-Cariño, ¿me estás
espiando? Confío en que no.
-¿Espiarte…? No; me… me
pareció que había oído…
-Subamos, por favor. Me iba
ya.
Tratando
de sonreír a mi querida esposa. Esforzándome por no parecer brusco, irritado.
(…)
También
me molestaba que se hubiera maquillado –lápiz de labios de un rojo coral pálido
y nariz empolvada, además de collar y pulsera de plata-, lo que indicaba que
había estado en la Friends School aquel día, con sus colegas. Se había vestido
con elegancia y se había peinado de otra manera. Llevaba un calzado llamativo:
sandalias abiertas por detrás, de tacones bajos, que tuve la seguridad de no
haber visto nunca. En casa, a solas con su marido Andrew, raras veces se tomaba
la molestia de maquillarse y vestía vaqueros, camisas y jerséis informes y un
viejo par de zapatillas deportivas.
(…)
-Andrew, ¿por qué pareces
tan… enfadado? Lo siento mucho si te he molestado… no estaba “espiándote”, de
verdad que no… Acabo de llegar a casa y se me ha ocurrido decirte hola… No
estabas en tu estudio… Me ha parecido oír voces en el sótano…
(…)
Nos
encontrábamos ya en el piso de arriba. Irina me rehuía. Tartamudeando y como si
se disculpara, (…)
-Lo siento mucho (…) ¿Por
qué le das tanta importancia? ¿Por qué estás tan enfadado?
Advertí
miedo en los ojos de aquella mujer. ¿Por
qué demonios le doy miedo a mi esposa?
-¡No estoy
enfadado, Irina! Eso es un insulto.
Irina
seguía rehuyéndome, y se habría marchado a toda prisa de no ser porque mi mano
alcanzó a sujetarla por el hombro; pero dio un gritito de sorpresa y de dolor y
la solté en el acto.
Nos
miramos durante un momento, los dos conmocionados y jadeantes. No podía creer
que mi mujer me hubiese forzado a comportarme de una forma totalmente contraria
a mi manera de ser, ni que empeorase la situación diciendo, medio entre
sollozos:
-No
te soporto cuando bebes, Andrew. No eres tú… me asustas.
-Eso es un insulto. No he estado
bebiendo.
Irina
me dejó y subió corriendo las escaleras.
Durante
toda la noche y parte del día siguiente Irina me evitó. (…)
-(…)
Le pediré disculpas a Irina. Nunca volveré a beber.
Muy
de mañana, antes de que yo estuviera del todo despierto, Irina se había
marchado a la Friends School. Por vez primera en nuestro matrimonio uno de los
dos se había ausentado sin despedirse del otro.
(…)
-¿Irina?
Lo siento mucho.
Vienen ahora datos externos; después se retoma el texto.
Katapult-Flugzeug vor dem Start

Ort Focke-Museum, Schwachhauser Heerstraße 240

No sé qué es lo que me pasó… No me di cuenta de que había
estado bebiendo tanto. Ni siquiera me di cuenta de que bebía, así de sencillo.
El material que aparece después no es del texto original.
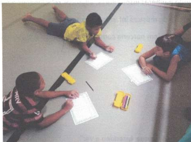
Alunos(as) atendidos(as): 132

Objetivo da atividade: Aprofundar os conhecimentos matemáticos através da resolução de problemas, incluindo problematizações de jogos, uso de materiais concretos, novas tecnologias e projetos. Pretende-se desenvolver no aluno a capacidade de resolver problemas, estimulando para tanto, a curiosidade e o espírito investigativo através de atividades lúdicas e desafiadoras.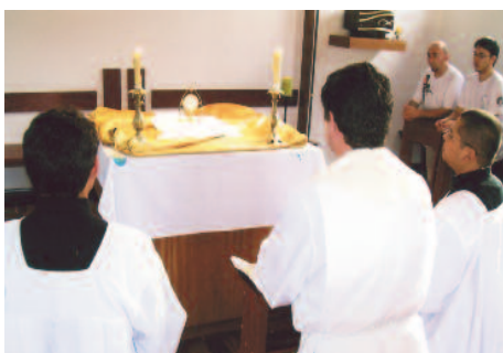
Brasil, Diócesis de Caraguatatuba: la adoración, el comienzo de toda actividad.

Le hablaba con sus delicadas manos entre las mías. Acariciándole los
dedos, rígidos entre los míos, sin resistirse del todo, pero sin ceder tampoco.
(…)
-¿Me
perdonas, Irina? Te prometo que no volverá a suceder.
Irina
tenía los ojos bajos. Su actitud era sumisa, cautelosa.
-Es
la tensión a la que he estado sometido y de la que no había querido hablarte…
(…)
Mi carrera, no la suya. ¿Por qué Irina Kacinzk no había luchado con más
convicción, por qué se había sometido a
mí?
Mi
esposa había estado fuera todo el día –desde más o menos las ocho de la mañana
hasta las seis de la tarde-, sin contestar a ninguna de mis numerosas llamadas
a su móvil. Había herido sus sentimientos, por supuesto. Una mujer también
tiene orgullo, y no debe permitirse parecer más sumisa de los necesario en el
matrimonio. De todos modos mi querida Irina sentía tanta devoción por mí, y su
subsistencia dependía tanto de Andrew J.
Rush, que sin vacilar un instante se interesó por mi situación.